[Data to use Boundary: Start]
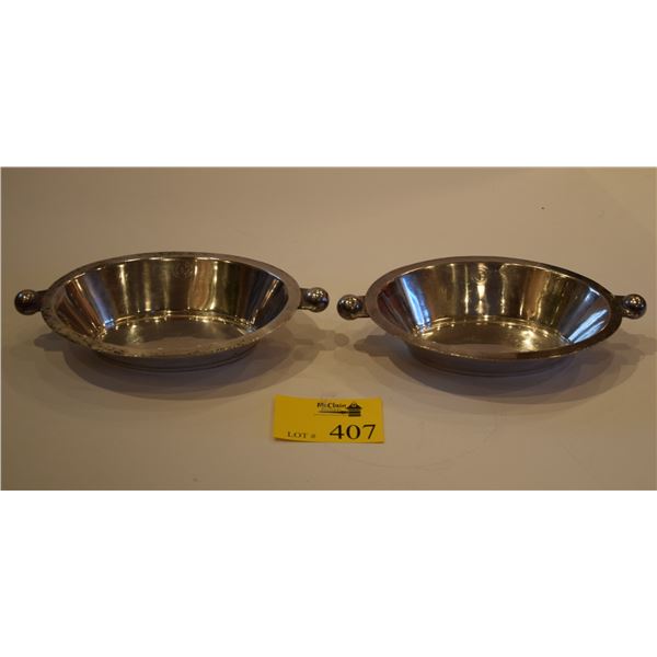FRENCH LINE-NORMANDIE: SILVER PLATED FRUIT BOWL/BREAD BASKET BY CHRISTOFLE W/THE HOUSE LOGO ON THE SIDE, HER FAMOUS BALL HANDLES AT EACH END (12&quo...
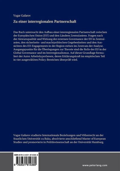 Das Buch untersucht den Aufbau einer interregionalen Partnerschaft zwischen der Europäischen Union (EU) und den Ländern Zentralasiens. Fragen nach der Akteursqualität und Wirkung der externen Governance der EU in Zentralasien, den sicherheits- und machtpolitischen Gegebenheiten und den Aussichten des EU-Engagements in der Region stehen im Zentrum der Analyse. Ausgangspunkte für die Überlegungen zur Theorie sind die Rolle der EU in der Global Governance und im Interregionalismus. Auf dieser Grundlage formuliert der Autor Arbeitshypothesen, deren Erklärungskraft im empirischen Teil in vier ausgewählten Policy-Bereichen überprüft wird.
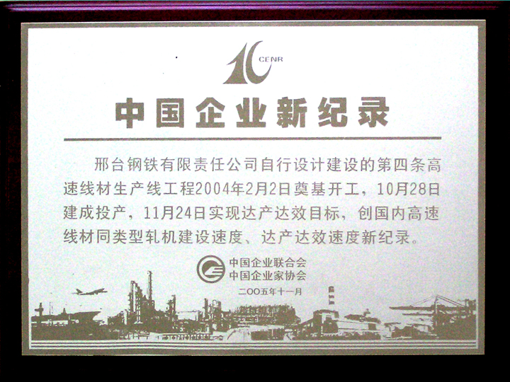 2005年11月,邢鋼自行設(shè)計(jì)建設(shè)的第四條高速線材生產(chǎn)線工程2004年2月2日奠基開(kāi)工,10月28日建成投產(chǎn),11月24日實(shí)現(xiàn)達(dá)產(chǎn)達(dá)效目標(biāo),創(chuàng)國(guó)內(nèi)高速線材同類型軋機(jī)建設(shè)速度、達(dá)產(chǎn)達(dá)效速度新紀(jì)錄。
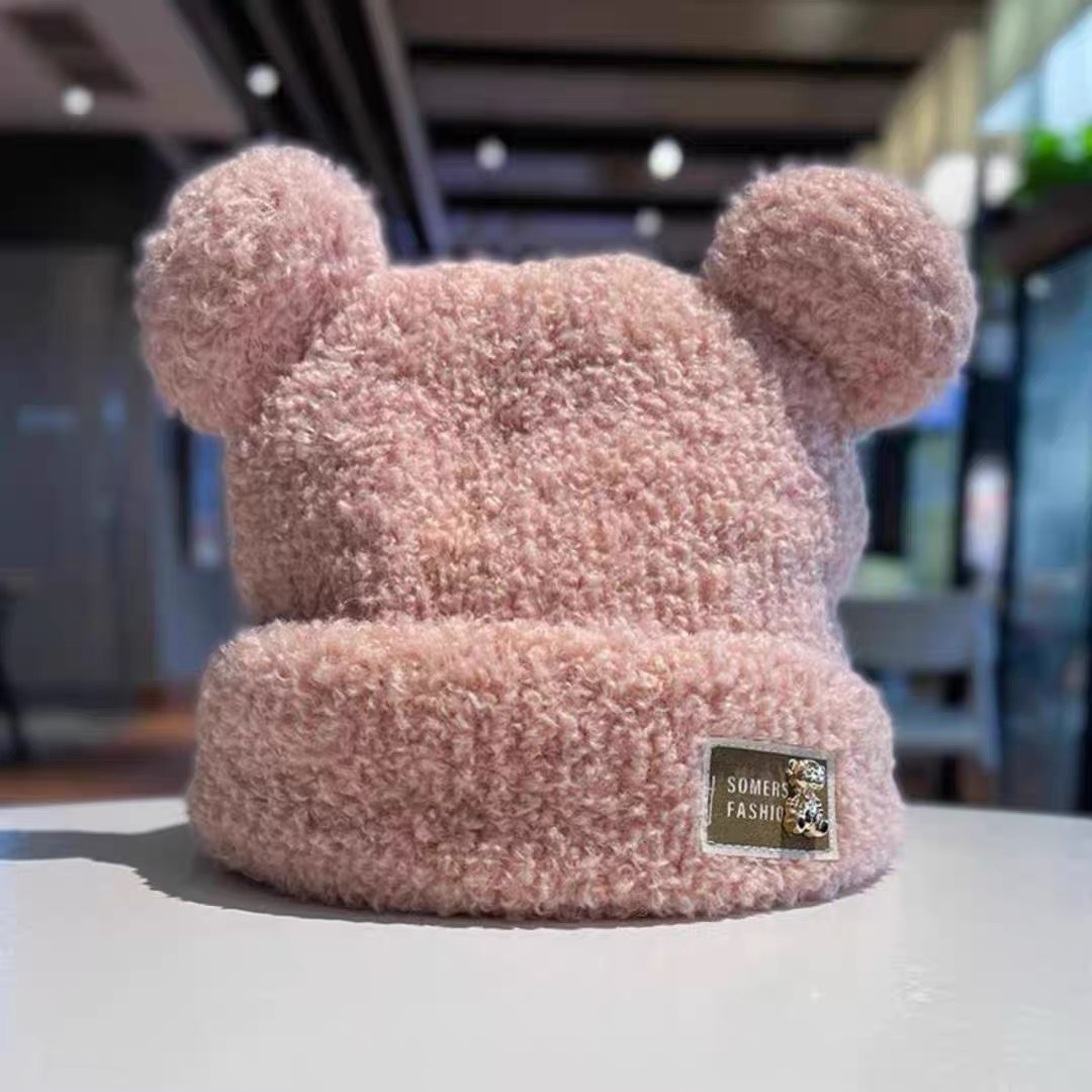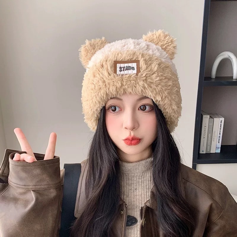 귀여운 곰돌이 모직 모자 여성용 겨울 2025년 인기 플러시 따뜻한 모자 가을 겨울 큰 머리 둘레 니트 모자
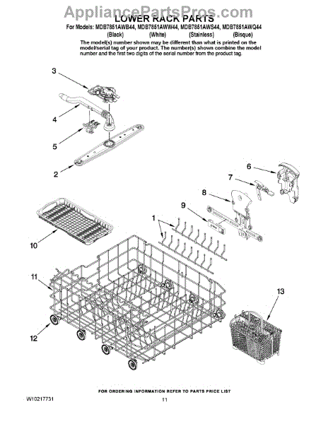 Parts for Maytag MDB7851AWQ44: 09 - Lower Rack Parts
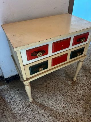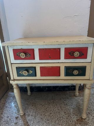 Mesita auxiliar antigua con un diseño encantador y detalles coloridos. - Dos cajones frontales. - Tiradores dorados. - Patas cónicas.
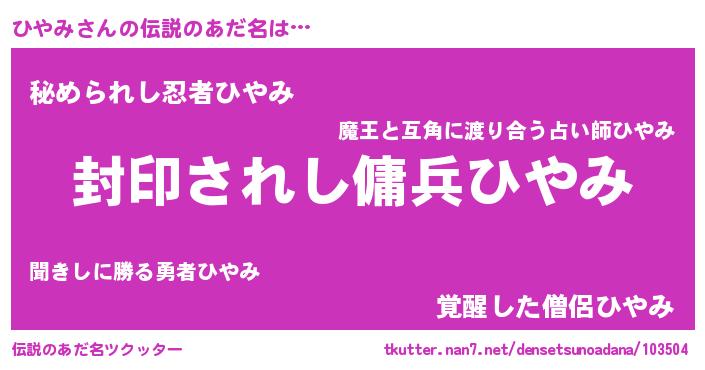 | 胡散臭い通販商品みたいなあだ名 | 『億万長者になれる水晶球…その名も「ひやみ」』 |
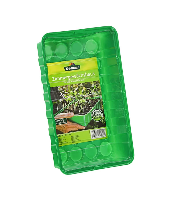 Das praktische Zimmergewächshaus von Dehner eignet sich mit den Maßen 36 x 22 x 13 cm optimal für Ihre Fensterbank! Es bietet genügend Raum für 28 Pflanzen, sodass auch einer größeren Anzucht nichts im Wege steht! Durch sein schlichtes Design macht das Dehner Zimmergewächshauses in jedem Zimmer eine gute Figur. So können Sie einfach nach dem geeignetsten Standort in Ihrer Wohnung oder Ihrem Haus suchen, um die bestmögliche Keimung der Pflänzchen zu erreichen.
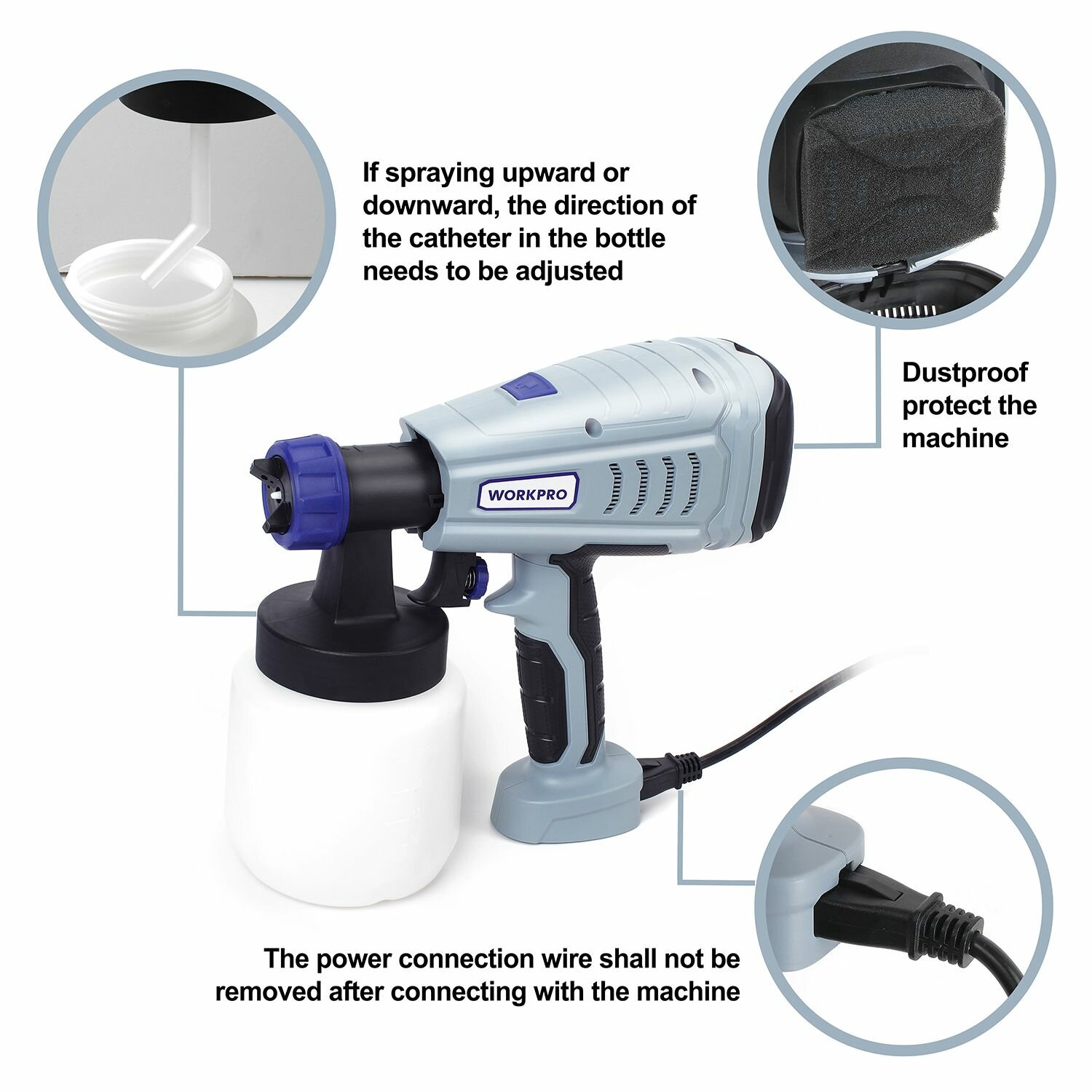 Электрический краскопульт WORKPRO 550W 800ML интересное:
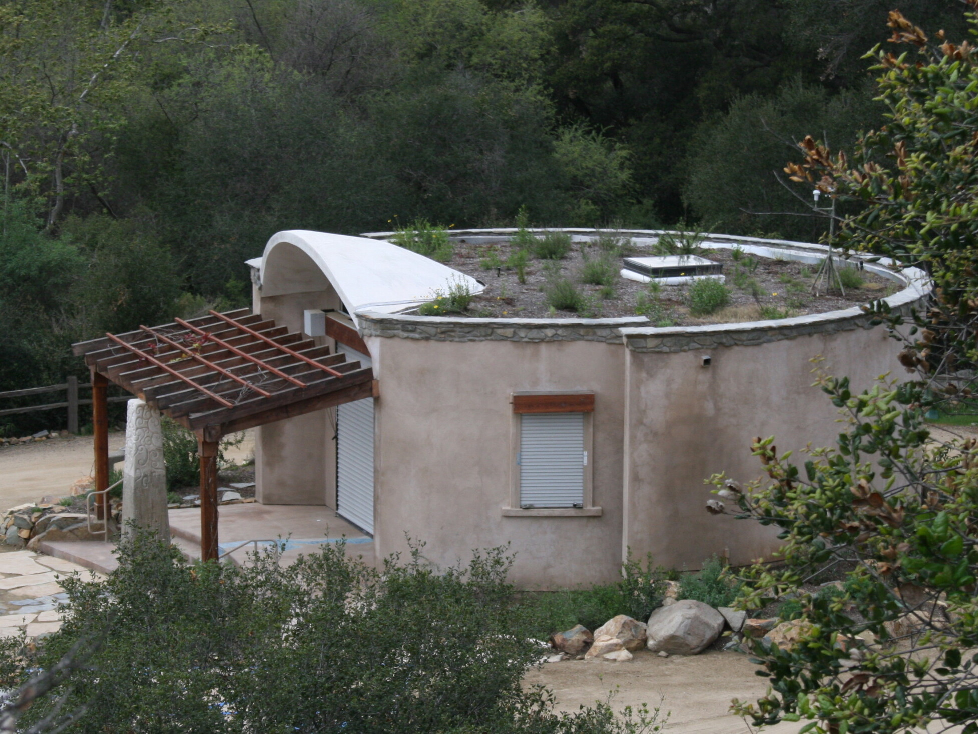 The photos to the right are of the Elfin Forest Interpretive Center, a welcome and learning center in Escondido, CA. The design of the building integrates fire shutters as a strategy to protect again fires. Below is a description of each photo.
[Data to use Boundary: End]
* Exercise instructions
Leave the pictures out and reproduce exactly the lines from the top of the listing above through the line with "胡散臭い通販商品みたいなあだ名 | 『億万長者になれる水晶球…その名も「ひやみ」』 |".

* Solution below
FRENCH LINE-NORMANDIE: SILVER PLATED FRUIT BOWL/BREAD BASKET BY CHRISTOFLE W/THE HOUSE LOGO ON THE SIDE, HER FAMOUS BALL HANDLES AT EACH END (12&quo...
 Das Buch untersucht den Aufbau einer interregionalen Partnerschaft zwischen der Europäischen Union (EU) und den Ländern Zentralasiens. Fragen nach der Akteursqualität und Wirkung der externen Governance der EU in Zentralasien, den sicherheits- und machtpolitischen Gegebenheiten und den Aussichten des EU-Engagements in der Region stehen im Zentrum der Analyse. Ausgangspunkte für die Überlegungen zur Theorie sind die Rolle der EU in der Global Governance und im Interregionalismus. Auf dieser Grundlage formuliert der Autor Arbeitshypothesen, deren Erklärungskraft im empirischen Teil in vier ausgewählten Policy-Bereichen überprüft wird.
 2005年11月,邢鋼自行設(shè)計(jì)建設(shè)的第四條高速線材生產(chǎn)線工程2004年2月2日奠基開(kāi)工,10月28日建成投產(chǎn),11月24日實(shí)現(xiàn)達(dá)產(chǎn)達(dá)效目標(biāo),創(chuàng)國(guó)內(nèi)高速線材同類型軋機(jī)建設(shè)速度、達(dá)產(chǎn)達(dá)效速度新紀(jì)錄。
 귀여운 곰돌이 모직 모자 여성용 겨울 2025년 인기 플러시 따뜻한 모자 가을 겨울 큰 머리 둘레 니트 모자
 Parts for Maytag MDB7851AWQ44: 09 - Lower Rack Parts
 Mesita auxiliar antigua con un diseño encantador y detalles coloridos. - Dos cajones frontales. - Tiradores dorados. - Patas cónicas.
 | 胡散臭い通販商品みたいなあだ名 | 『億万長者になれる水晶球…その名も「ひやみ」』 |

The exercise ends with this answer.